Two months after announcing its intention to disarm, the Irish Republican Army (IRA) gives up its weapons in front of independent weapons inspectors. The decommissioning of the group s substantial arsenal took place in secret locations in the Republic of Ireland. One Protestant and one Catholic priest as well as officials from Finland and the United States served as witnesses to the historic event. Automatic weapons, ammunition, missiles and explosives were among the arms found in the cache, which the head weapons inspector described as “enormous.”

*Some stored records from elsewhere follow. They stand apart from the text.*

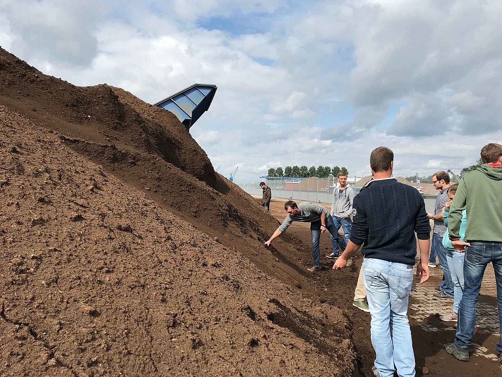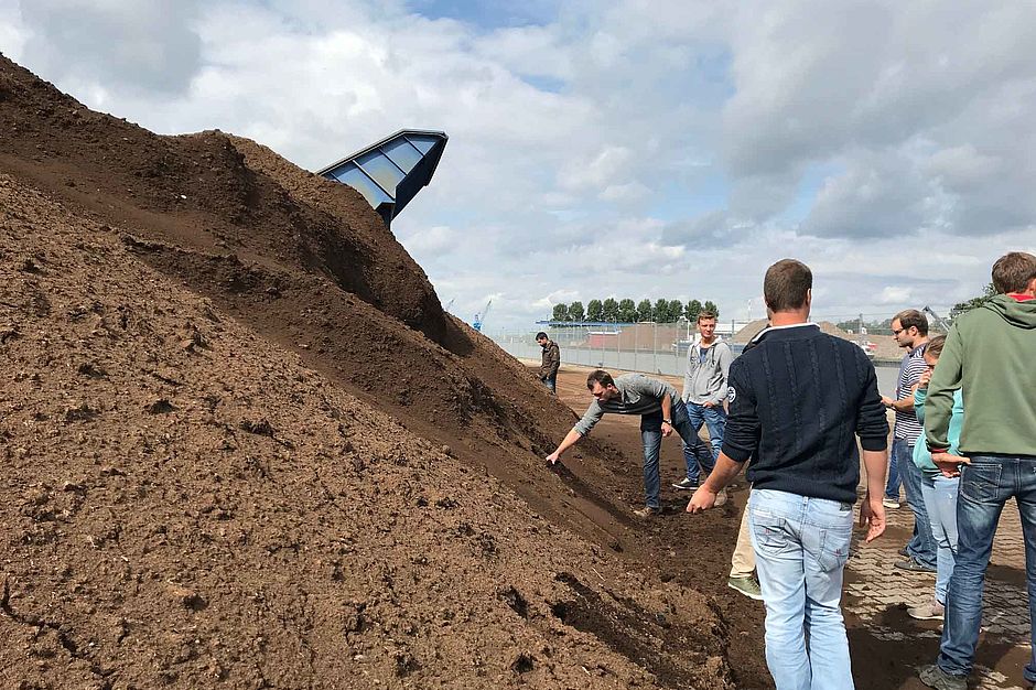 Hier konnten sich die Teilnehmer einen Überblick über die hervorragende Qualität der Ausgangsstoffe für gärtnerische Substrate, für Profis wie auch für Privatpersonen, überzeugen. Herr Jäger zeigte den Teilnehmern dabei auf, dass im Prinzip für jeden Kundenwunsch gezielte Mischungen hergestellt werden können. Er empfahl in diesem Zusammenhang, dass man auch auf die langjährige Erfahrung des Betriebes zurückgreifen könne. Die Nähe zur Meyer Werft sowie die diesjährige, extreme Trockenperiode machten es unerlässlich, die einzelnen Rohstoffe permanent feucht zu halten, da andernfalls eine Verwehung der Substrate in nahgelagerte Bereiche drohte. Die enge Taktung im Schifffahrtsverkehr haben zunehmend die Anlieferung von neuer Ware per Schiff erschwert.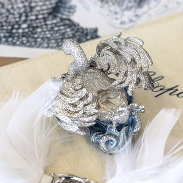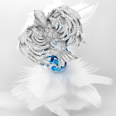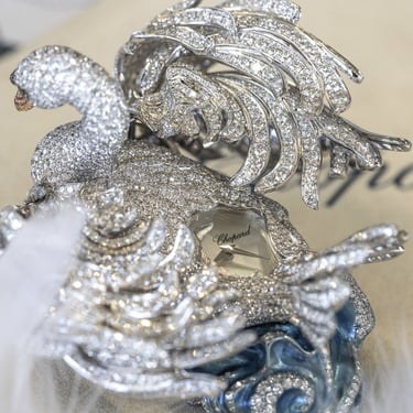 A singular creation, this timepiece is the result of 900 hours of research, design and artisanal work. From the feathered clasp to the mechanical unfurling of the wings, every detail reflects the vision of Chopard Co-President and Artistic Director Caroline Scheufele and the close collaboration between artisans, designers and master watchmakers.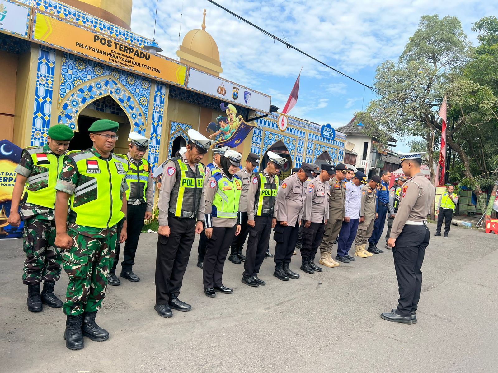 Dalam rangka mendukung kelancaran dan keamanan arus mudik Hari Raya Idul Fitri, jajaran TNI AD melalui Babinsa Kodim 0810/Nganjuk turut serta melaksanakan pengamanan di Pos Terpadu yang berada di wilayah Kabupaten Nganjuk. Kegiatan ini dilaksanakan bersama unsur Polri, Dinas Perhubungan, Satpol PP, serta instansi terkait lainnya sebagai bentuk sinergitas lintas sektoral dalam memberikan pelayanan terbaik kepada masyarakat.
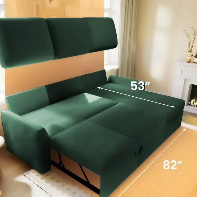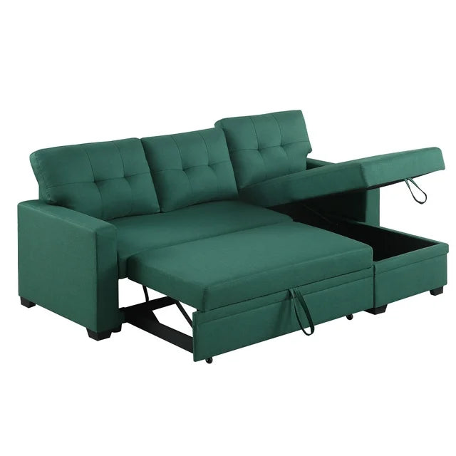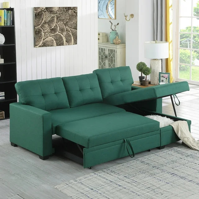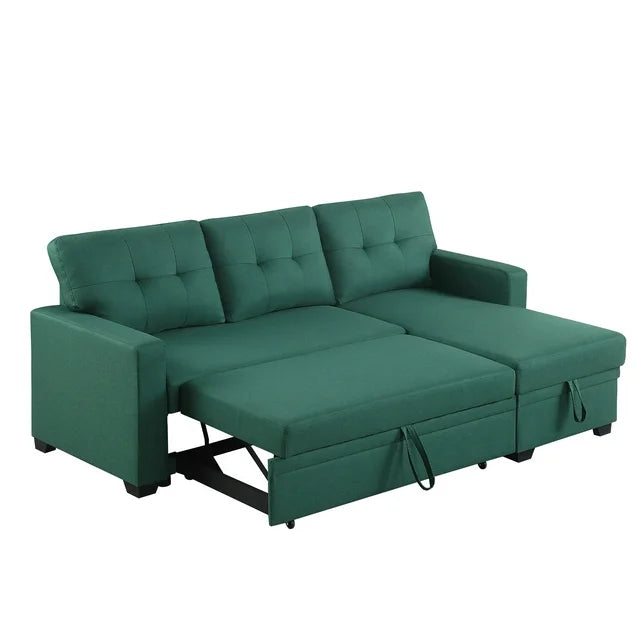 AENKYO 83" Sofa Bed, Sleeper Sofa, Pull Out Bed with Storage Chaise for Living Room, Linen, Green

Originally founded in 1919 to militarily oppose British rule in Ireland, the IRA had operated since about the 1960s as the military arm of Sinn Fein, the Irish nationalist political party. The IRA (and splinter groups using various derivatives of the name) had used terrorist tactics and assassinations for more than 30 years in their struggle to free Northern Ireland from British rule.

In April 1998, after more than 22 months of negotiating, a 67-page peace accord called the Belfast or Good Friday Agreement was finally signed. Endorsed by the British and Irish governments, eight of Northern Ireland s ten political parties, and the region s voters, the agreement included power-sharing among Catholics and Protestants in government, a commitment to peace and democracy, and a pledge by paramilitary groups on both sides to decommission their weapons within two years. A ceasefire had been in place since 1997, and although they continued to abide by it, the IRA initially refused to give up their weapons. This stalled the peace process for almost six years.

Although many Northern Irish Protestants did not trust that the IRA was truly giving up all of its weapons, the disarmament represented an important step toward lasting peace in the long-troubled region. In the aftermath of the disarmament, IRA splinter groups threatened to continue the violence.